После того как Сангренегру затолкали в кузов полицейского фургона и захлопнули за ним дверцу, Нгубане сказал:
— Бенни, я должен извиниться перед тобой.
— За что?
— За сегодняшнее утро.
Гриссел вдруг понял, что уже забыл об утреннем происшествии; день выдался длинным.
— Наверное, — продолжал Нгубане, — мы все страдаем паранойей — в легкой форме. Ты ведь знаешь, многие белые полицейские… считают нас, чернокожих, дерьмом.

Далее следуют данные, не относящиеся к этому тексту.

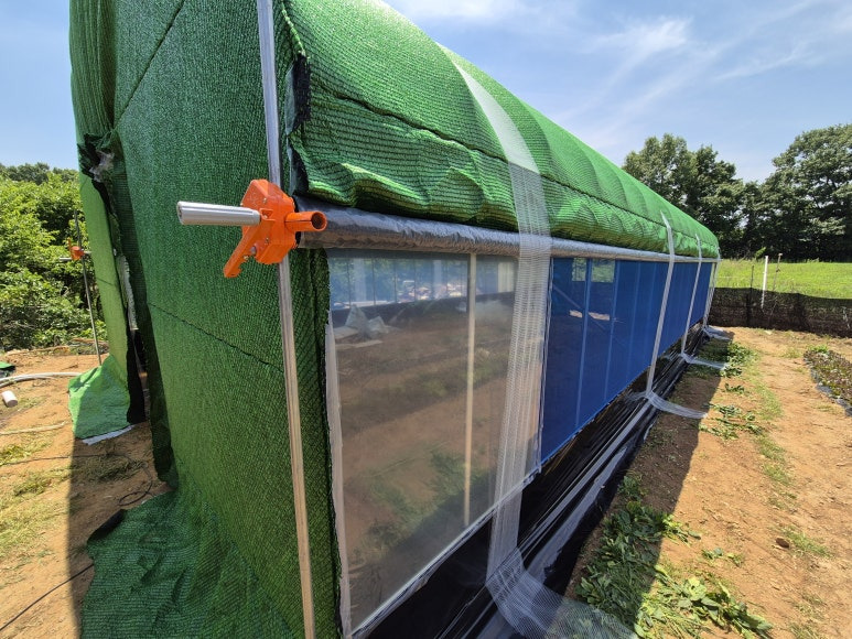 7줄을 설치하고 좌우 외부에 개폐기 파이프를 2줄 깔아주었습니다.
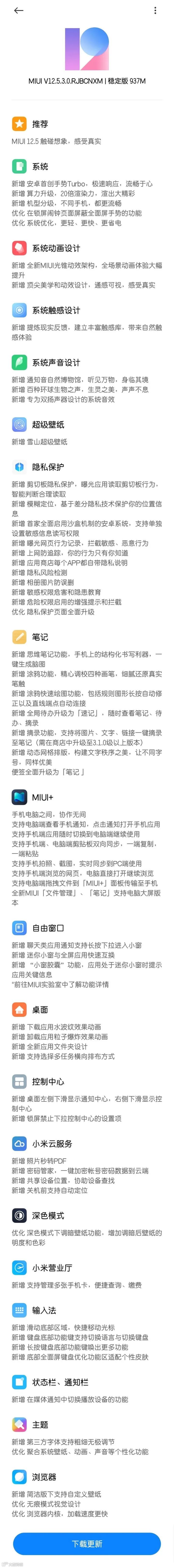 以上是小编此次MIUI 12.5稳定版可值得关注的部分亮点,当然还有其他的一些功能的更新与优化,具体的更新目录可以查看以下这张图:
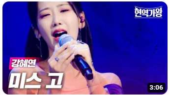 8위 애교폭발 강혜연의 '미스고', 조회수는 8.9만입니다. 본인에게 잘 어울리는 세미트롯이 아니라 아무나 쉽게 부를 수 없는 정통 트롯을 선곡했는데요. 이건 그만큼 강혜연의 자신감을 증명해주는 것이라 생각합니다. 24점을 기록했습니다.
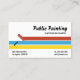 Diseño de tarjeta de visita para pintores que muestran un rodillo de pintura y tres líneas de colores diferentes. El estilo de fuente, el color y el tamaño pueden personalizarse. Se puede cargar un logotipo y añadirlo al diseño. La tarjeta de visita es ideal para pintores, prácticos o especialistas en renovación.
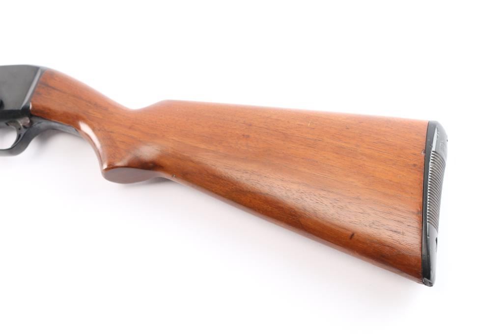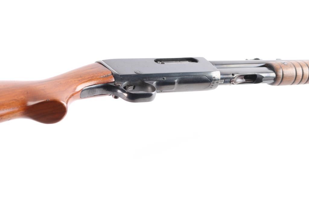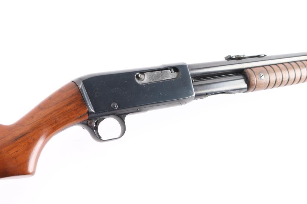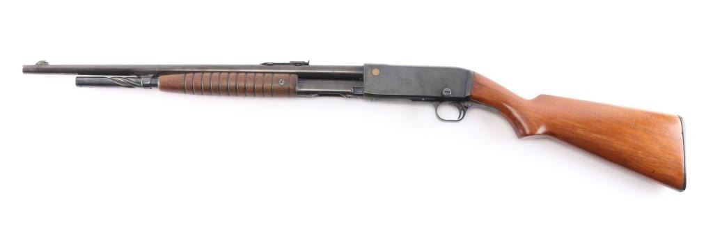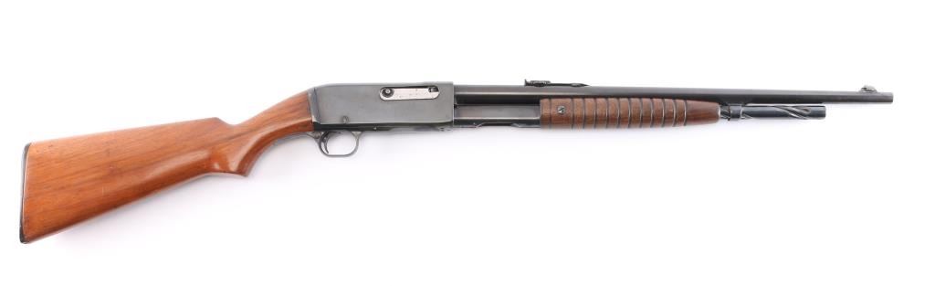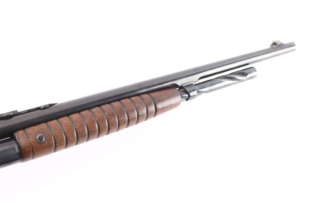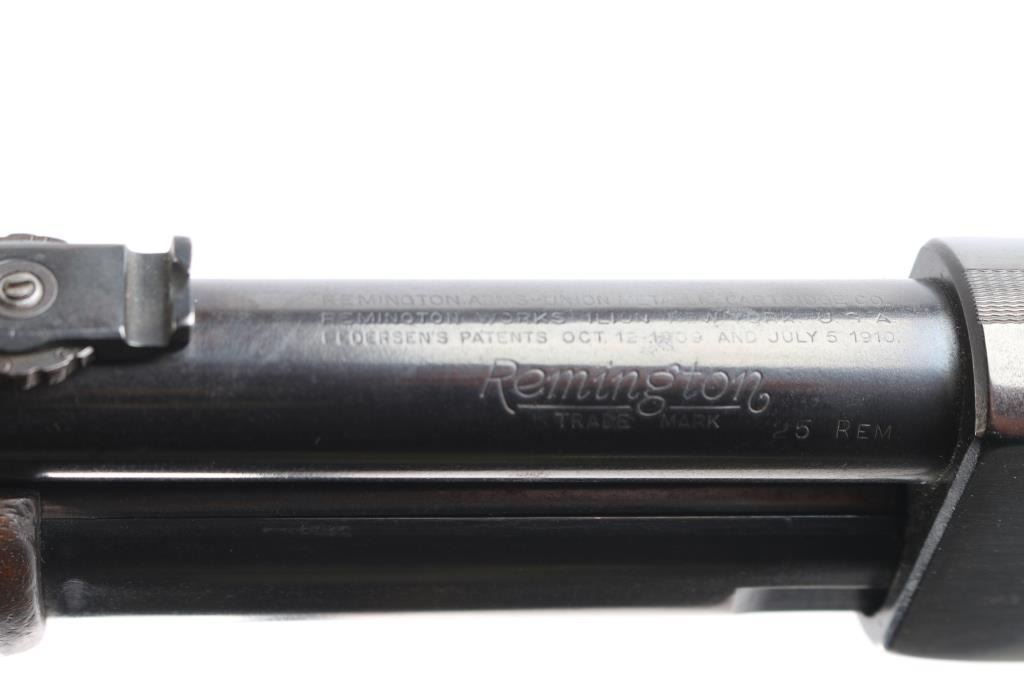 Remington Model 14 take down pump action rifle in 25 Remington caliber with 20 1/2" barrel # 16853. Refinished overall and remaining in very good as refinished condition, markings are legible and action works well with good bore.
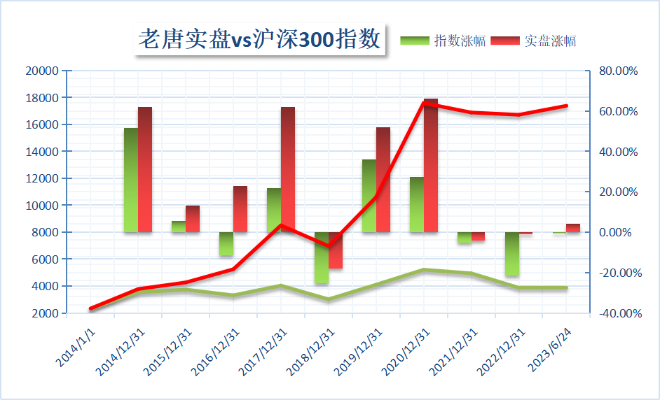 加回现金分红的沪深300全收益指数,2013年末收盘为2610.75点,今天收盘5287.74点,9.48年年化收益率7.7%;同期老唐实盘年化收益率24%。
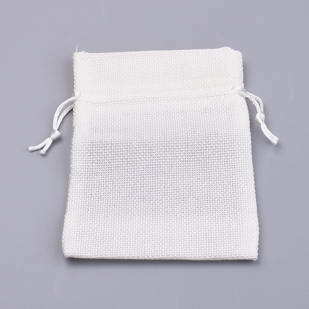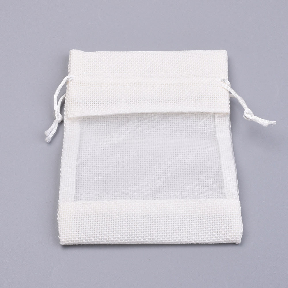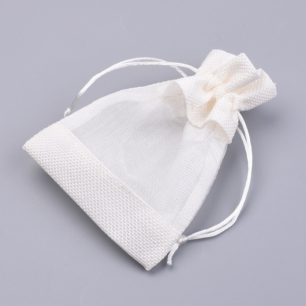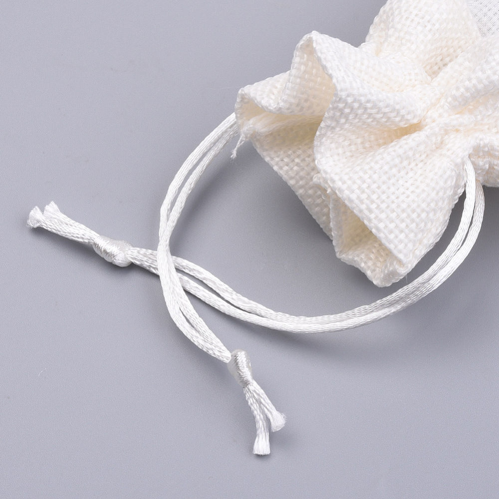 Cotton Packing Pouches, Drawstring Bags, with Organza Ribbons, Creamy White
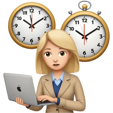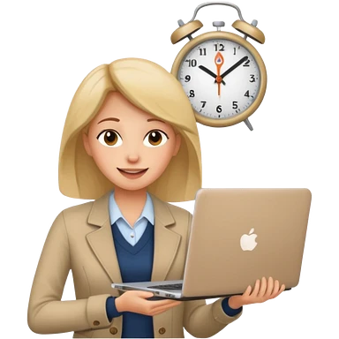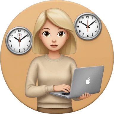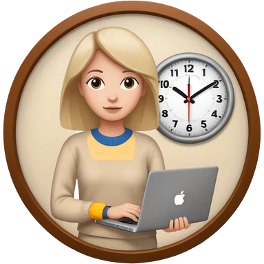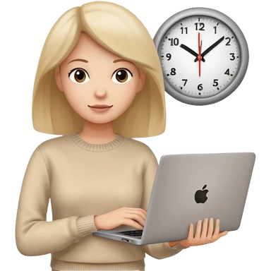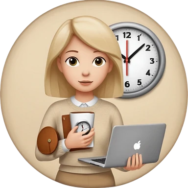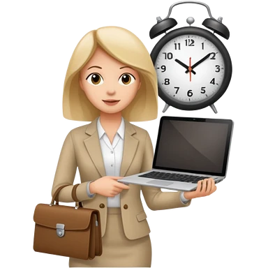 I like the 4th image. Now, make the same woman leave work with her laptop in hand. Add a round clock behind her on the wall. She is wearing a beige sweater. emoji

Гриссел предпочел промолчать.
— Я навещал в больнице Клиффи Мкетсу. Он сказал, что ты не такой.
Грисселу захотелось подтвердить: да, он не такой. Его проблема в другом: лично он считает дерьмом всех, а не только чернокожих.
— Как дела у Клиффи?
— Неплохо. Еще он сказал, что у тебя больше опыта, чем у всех нас, вместе взятых. Поэтому вот что я хочу у тебя спросить. Что еще мне можно здесь сделать? Как мне найти ребенка?
Гриссел оглядел Нгубане с ног до головы. Настоящий щеголь — аккуратный костюм, белая рубашка и красный галстук; в таком наряде он, видимо, чувствовал себя удобно. В голове у него забрезжил лучик света.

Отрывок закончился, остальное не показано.